Iron making across the Western Pennsylvania-Ohio frontier entailed higher coal consumption as it became omnipresent throughout the entire production cycle, from smelting ore to refining iron bars, replacing the traditional wrought iron industry. Still furthermore, the final stages – refining into bars and rails acquired an overriding centrality in the overall business dynamics. The network of small forges with tiny wrought iron production and little capital investment was swept aside by large mills with overwhelming outputs imbued with fresh capital. Usually, coal fueled puddling mills fed several furnaces and soon began integrating rolling mills for finishing and shaping wrought iron: this technology required two grooved rolls driven either by waterpower or steam engines, facing towards each other to squeeze out the semi-solid iron form. Multiple passages through ever smaller rolls could transform iron bar into finished rails. The production of final goods for a vibrant market made investing in economies of scale attractive.
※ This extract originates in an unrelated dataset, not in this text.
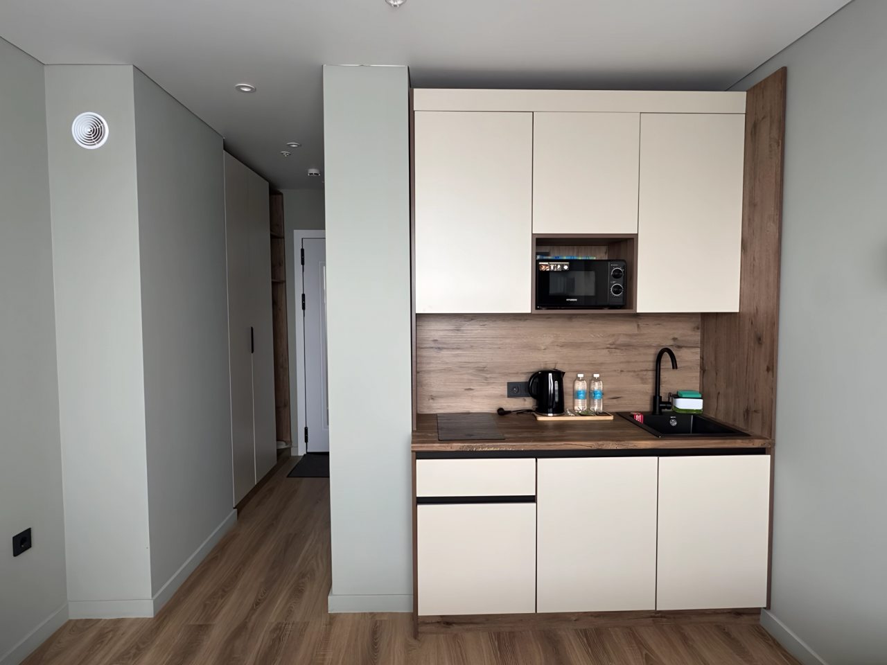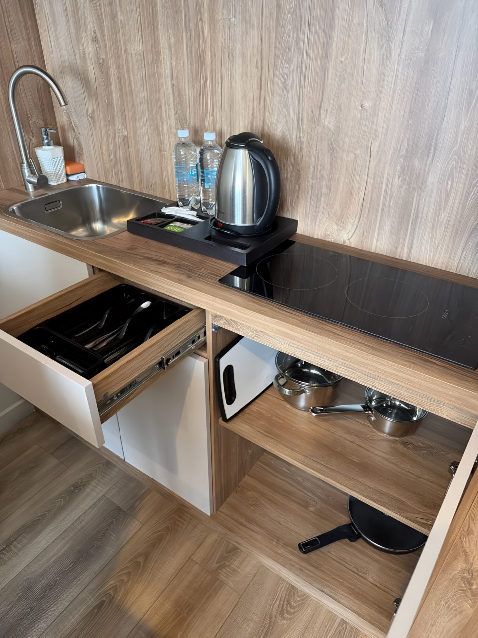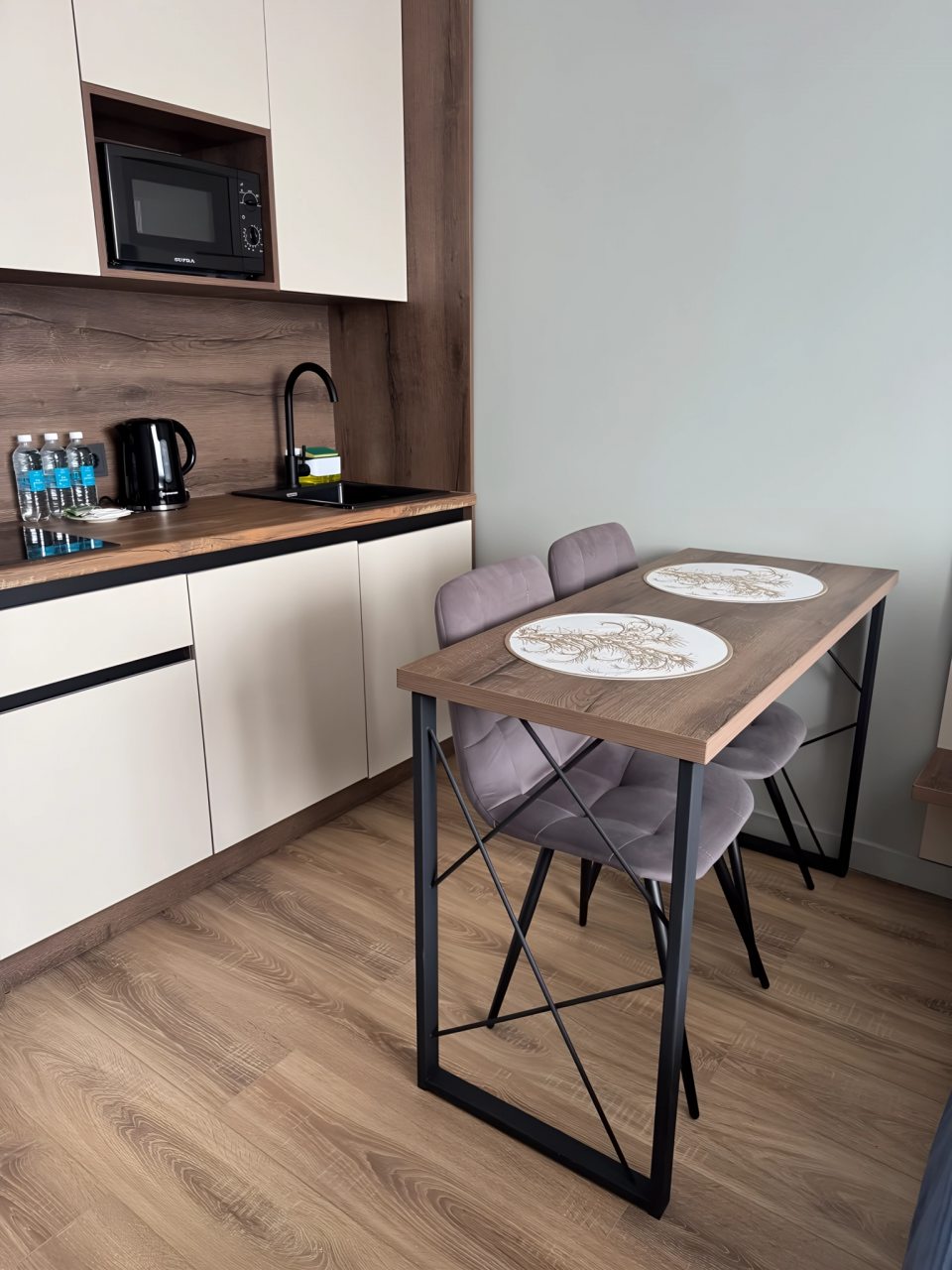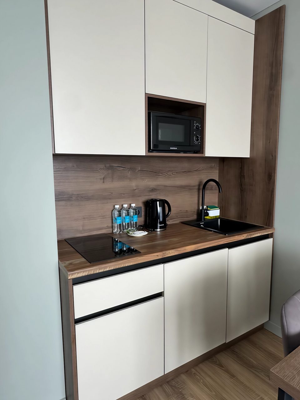 Внутри имеется небольшая кухонная зона с обеденным столом, чайником, плитой и микроволновой печью. В этом же жилом комплексе находятся рестораны и кафе.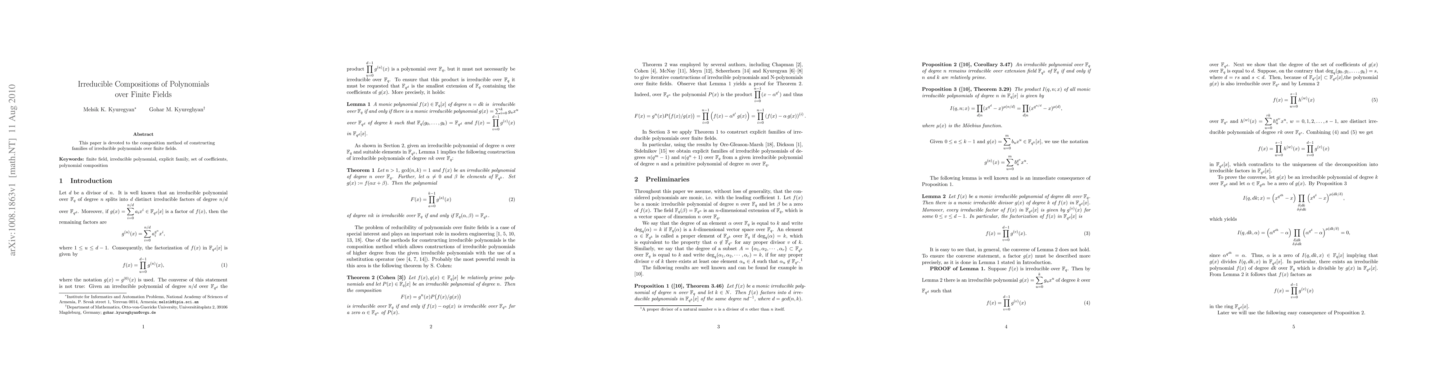 The paper studies constructions of irreducible polynomials over finite fields using polynomial composition method.

In broad terms, there was a threefold difference in the productive capacity of coal-based rolling mills rails (average productive capacity of 17,836 tons/year) and traditional mills, specialized in nails (6,963 tons/year), merchant iron (7,620 tons/year) and iron plate (6,320 tons/year) (Dunlap,1874).
The emergence of economies of scale in wrought iron partly derived from the availability of the capital necessary to respond to the large orders commissioned by railroad companies. Given the scale of railway operations and inventories, some wrought iron mills could transform themselves into reasonably big businesses through specializing in rail production. The surge in demand from railroad corporations reached its peak over the 1851-1856 period and later on in the 1880s. Furthermore, it is important to recall that the bulk of rail mileage was met by British imports (187,488 metric tons in 1856) rather than by American production (158,540 metric tons) (Lesley, 1866). It would take another three decades to complete the process of import substitution. In any case, the iron industry entered a new phase characterized by economies of scale and large bulk orders as pioneers crossed the Mississippi River and settled in the prairies of Iowa and the forests of Minnesota (Billington, Ridge, 2001; Bazzi, Fiszbein, and Gebresilasse,2020) . With the westward expansion of the American frontier, integrated national markets began to replace the earlier, more localized Atlantic regional markets. Once again, the movement of the settlement frontier drove the productive frontier further west.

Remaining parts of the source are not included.